*** Opening STUDY MATERIAL ***
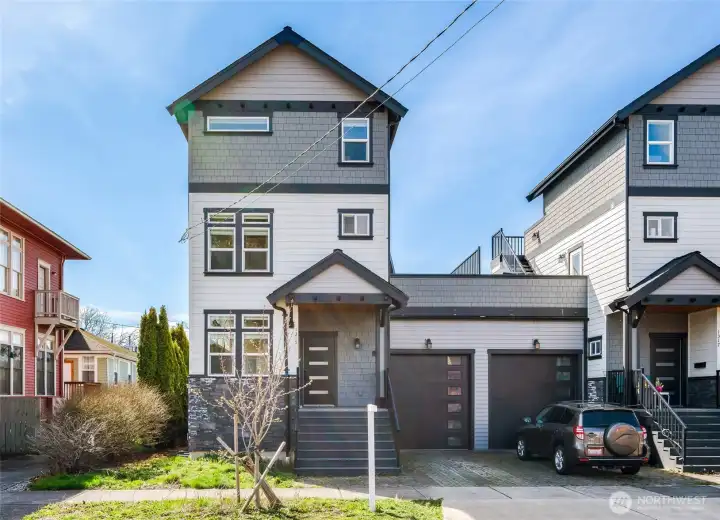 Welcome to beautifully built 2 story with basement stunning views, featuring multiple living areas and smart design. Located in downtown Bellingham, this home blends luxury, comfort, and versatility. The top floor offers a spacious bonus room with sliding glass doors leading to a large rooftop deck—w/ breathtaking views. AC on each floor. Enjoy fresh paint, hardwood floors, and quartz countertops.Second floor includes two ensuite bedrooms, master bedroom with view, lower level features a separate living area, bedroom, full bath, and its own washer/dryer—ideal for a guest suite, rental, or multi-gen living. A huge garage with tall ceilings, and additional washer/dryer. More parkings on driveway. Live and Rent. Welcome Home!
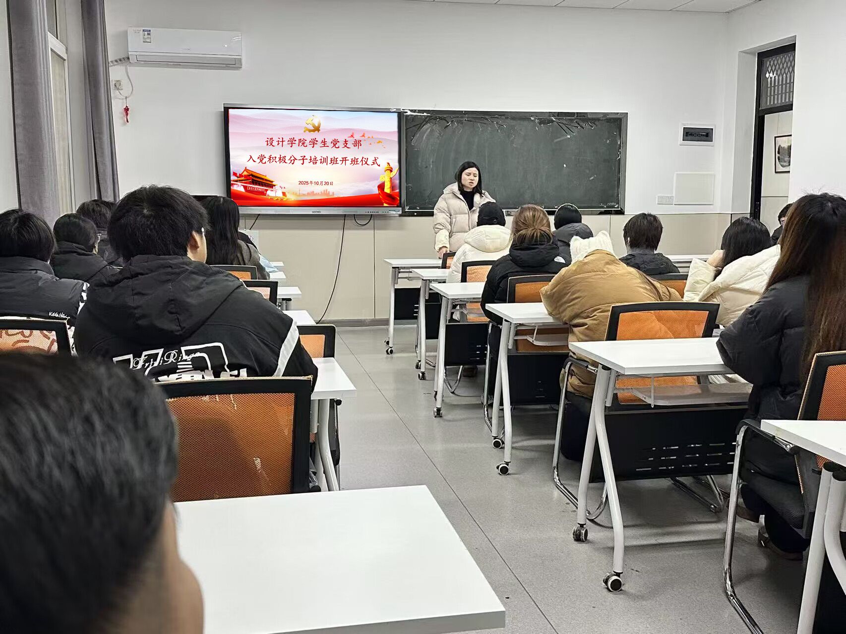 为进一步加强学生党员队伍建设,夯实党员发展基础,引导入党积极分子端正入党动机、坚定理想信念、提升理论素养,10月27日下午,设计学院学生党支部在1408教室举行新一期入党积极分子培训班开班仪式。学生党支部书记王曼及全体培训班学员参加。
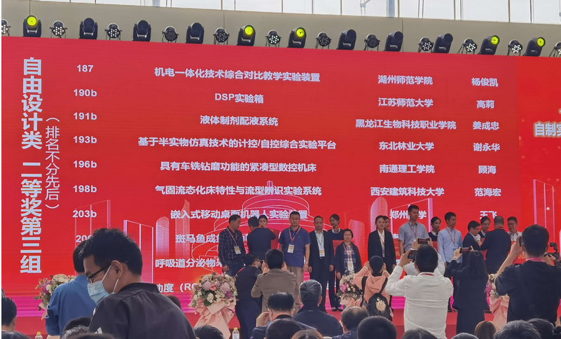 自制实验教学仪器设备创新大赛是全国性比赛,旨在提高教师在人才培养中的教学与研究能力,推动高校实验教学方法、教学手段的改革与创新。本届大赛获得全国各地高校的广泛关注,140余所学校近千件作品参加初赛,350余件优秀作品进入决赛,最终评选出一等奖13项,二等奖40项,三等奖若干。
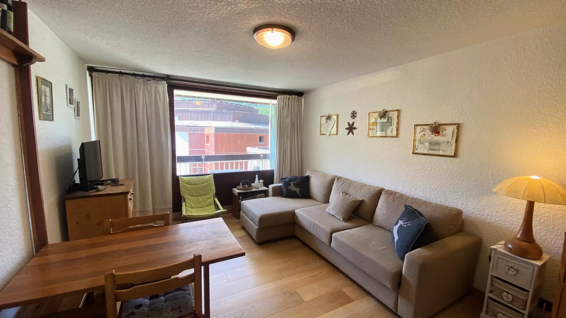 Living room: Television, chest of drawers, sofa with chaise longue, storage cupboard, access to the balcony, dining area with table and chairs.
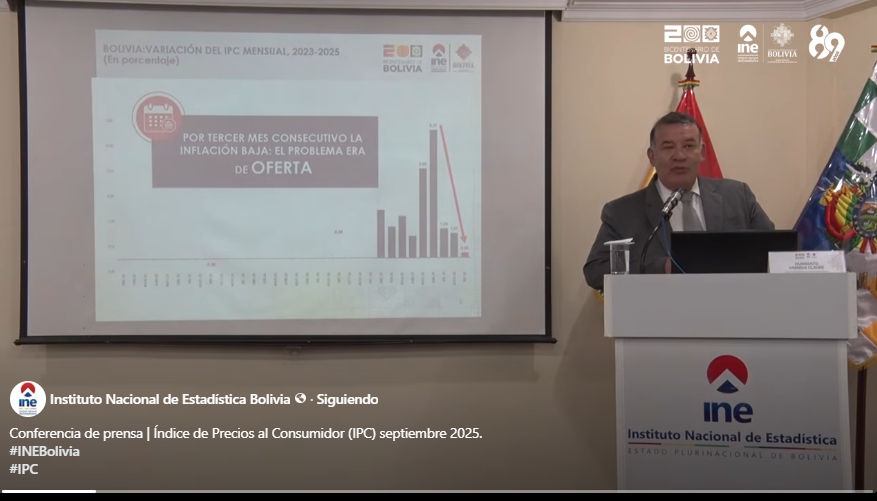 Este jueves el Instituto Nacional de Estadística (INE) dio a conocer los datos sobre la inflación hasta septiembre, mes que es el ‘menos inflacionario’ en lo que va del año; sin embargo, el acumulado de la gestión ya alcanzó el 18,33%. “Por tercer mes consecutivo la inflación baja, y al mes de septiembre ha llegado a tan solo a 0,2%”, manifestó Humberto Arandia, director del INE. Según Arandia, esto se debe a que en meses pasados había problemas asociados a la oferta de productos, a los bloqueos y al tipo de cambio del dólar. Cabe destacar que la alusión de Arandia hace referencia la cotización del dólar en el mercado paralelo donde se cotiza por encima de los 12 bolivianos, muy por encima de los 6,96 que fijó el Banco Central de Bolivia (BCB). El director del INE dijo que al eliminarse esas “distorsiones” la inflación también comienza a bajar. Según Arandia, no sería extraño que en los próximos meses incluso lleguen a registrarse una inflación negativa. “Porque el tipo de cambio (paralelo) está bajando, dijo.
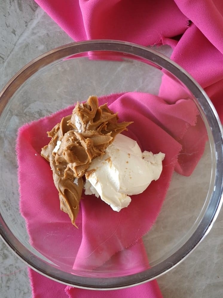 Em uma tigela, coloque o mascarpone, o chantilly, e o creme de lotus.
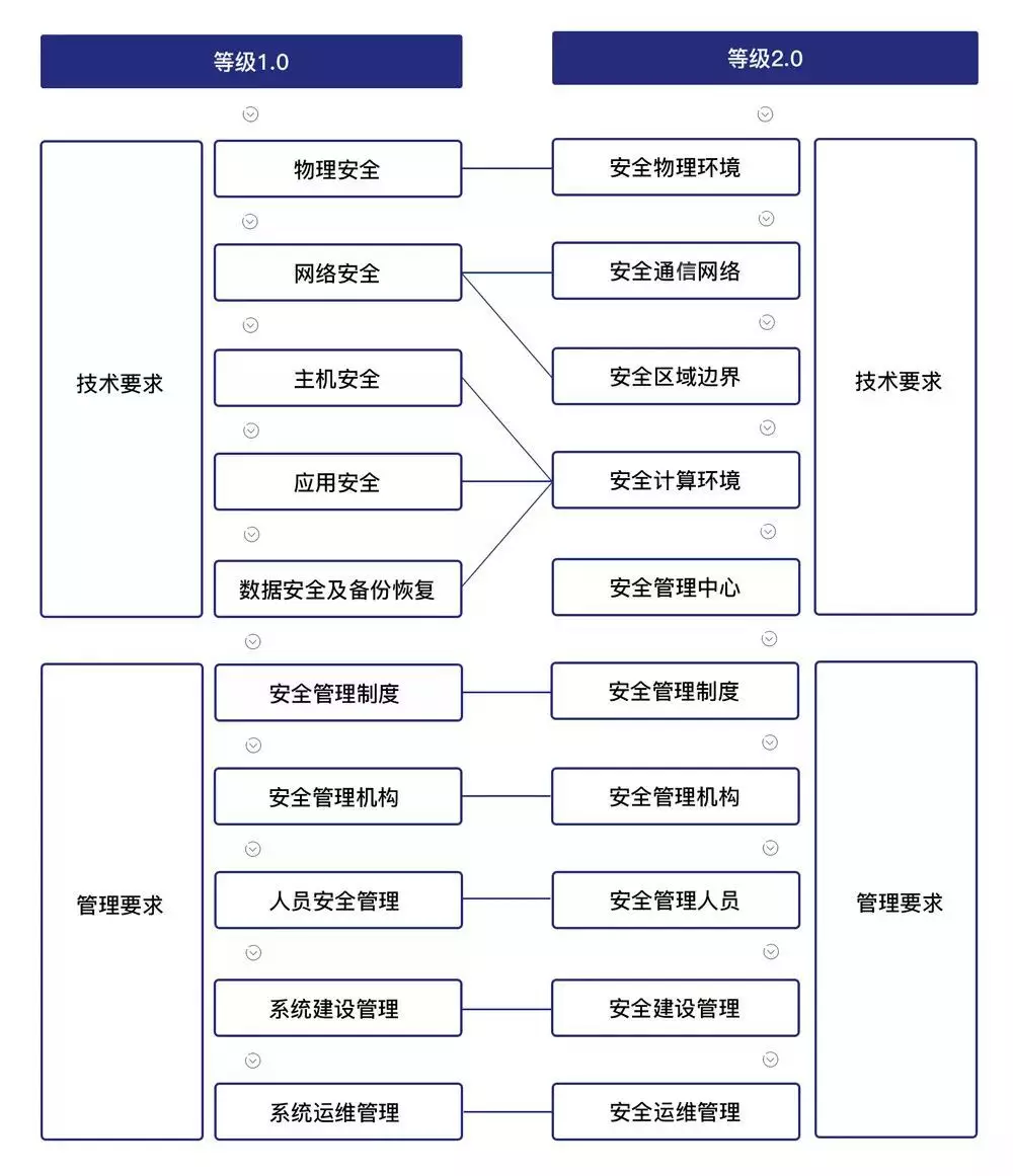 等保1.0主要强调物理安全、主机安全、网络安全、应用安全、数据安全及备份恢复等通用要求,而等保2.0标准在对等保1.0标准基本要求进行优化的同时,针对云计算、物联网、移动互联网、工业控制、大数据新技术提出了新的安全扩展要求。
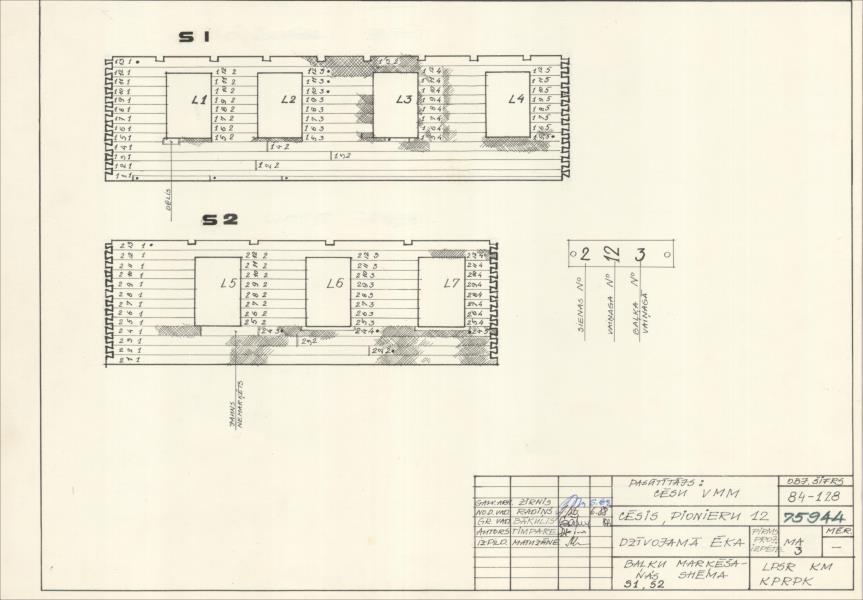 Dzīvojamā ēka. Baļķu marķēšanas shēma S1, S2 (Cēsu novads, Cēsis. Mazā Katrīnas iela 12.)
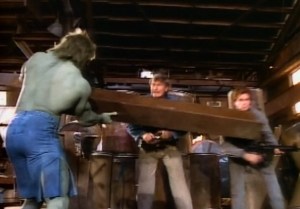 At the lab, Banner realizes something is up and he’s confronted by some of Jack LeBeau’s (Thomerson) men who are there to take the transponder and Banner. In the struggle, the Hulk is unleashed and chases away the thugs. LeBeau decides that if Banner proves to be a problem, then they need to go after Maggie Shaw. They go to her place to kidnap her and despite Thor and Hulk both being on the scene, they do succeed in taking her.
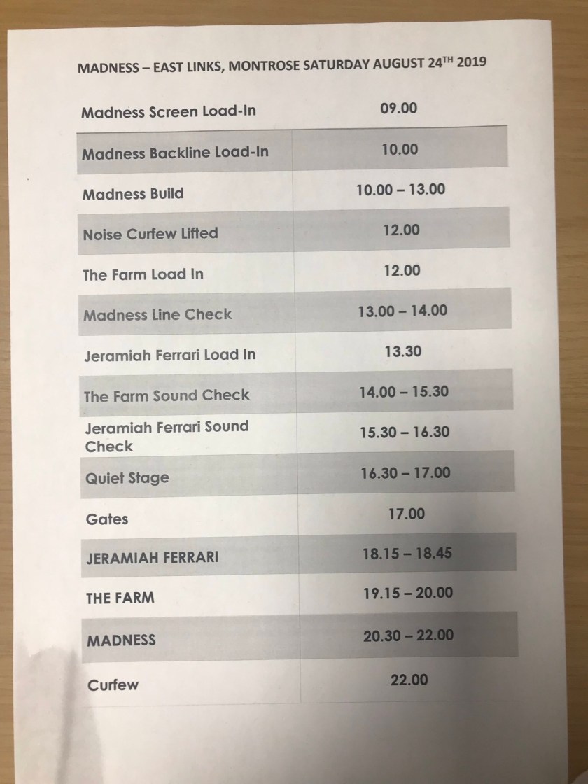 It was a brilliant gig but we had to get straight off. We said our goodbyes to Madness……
*** Closing STUDY MATERIAL ***
### WORK ORDER:
Set down every entry exactly; omit the pictures.

### REPLY:
 Welcome to beautifully built 2 story with basement stunning views, featuring multiple living areas and smart design. Located in downtown Bellingham, this home blends luxury, comfort, and versatility. The top floor offers a spacious bonus room with sliding glass doors leading to a large rooftop deck—w/ breathtaking views. AC on each floor. Enjoy fresh paint, hardwood floors, and quartz countertops.Second floor includes two ensuite bedrooms, master bedroom with view, lower level features a separate living area, bedroom, full bath, and its own washer/dryer—ideal for a guest suite, rental, or multi-gen living. A huge garage with tall ceilings, and additional washer/dryer. More parkings on driveway. Live and Rent. Welcome Home!
 为进一步加强学生党员队伍建设,夯实党员发展基础,引导入党积极分子端正入党动机、坚定理想信念、提升理论素养,10月27日下午,设计学院学生党支部在1408教室举行新一期入党积极分子培训班开班仪式。学生党支部书记王曼及全体培训班学员参加。
 自制实验教学仪器设备创新大赛是全国性比赛,旨在提高教师在人才培养中的教学与研究能力,推动高校实验教学方法、教学手段的改革与创新。本届大赛获得全国各地高校的广泛关注,140余所学校近千件作品参加初赛,350余件优秀作品进入决赛,最终评选出一等奖13项,二等奖40项,三等奖若干。
 Living room: Television, chest of drawers, sofa with chaise longue, storage cupboard, access to the balcony, dining area with table and chairs.
 Este jueves el Instituto Nacional de Estadística (INE) dio a conocer los datos sobre la inflación hasta septiembre, mes que es el ‘menos inflacionario’ en lo que va del año; sin embargo, el acumulado de la gestión ya alcanzó el 18,33%. “Por tercer mes consecutivo la inflación baja, y al mes de septiembre ha llegado a tan solo a 0,2%”, manifestó Humberto Arandia, director del INE. Según Arandia, esto se debe a que en meses pasados había problemas asociados a la oferta de productos, a los bloqueos y al tipo de cambio del dólar. Cabe destacar que la alusión de Arandia hace referencia la cotización del dólar en el mercado paralelo donde se cotiza por encima de los 12 bolivianos, muy por encima de los 6,96 que fijó el Banco Central de Bolivia (BCB). El director del INE dijo que al eliminarse esas “distorsiones” la inflación también comienza a bajar. Según Arandia, no sería extraño que en los próximos meses incluso lleguen a registrarse una inflación negativa. “Porque el tipo de cambio (paralelo) está bajando, dijo.
 Em uma tigela, coloque o mascarpone, o chantilly, e o creme de lotus.
 等保1.0主要强调物理安全、主机安全、网络安全、应用安全、数据安全及备份恢复等通用要求,而等保2.0标准在对等保1.0标准基本要求进行优化的同时,针对云计算、物联网、移动互联网、工业控制、大数据新技术提出了新的安全扩展要求。
 Dzīvojamā ēka. Baļķu marķēšanas shēma S1, S2 (Cēsu novads, Cēsis. Mazā Katrīnas iela 12.)
 At the lab, Banner realizes something is up and he’s confronted by some of Jack LeBeau’s (Thomerson) men who are there to take the transponder and Banner. In the struggle, the Hulk is unleashed and chases away the thugs. LeBeau decides that if Banner proves to be a problem, then they need to go after Maggie Shaw. They go to her place to kidnap her and despite Thor and Hulk both being on the scene, they do succeed in taking her.
 It was a brilliant gig but we had to get straight off. We said our goodbyes to Madness……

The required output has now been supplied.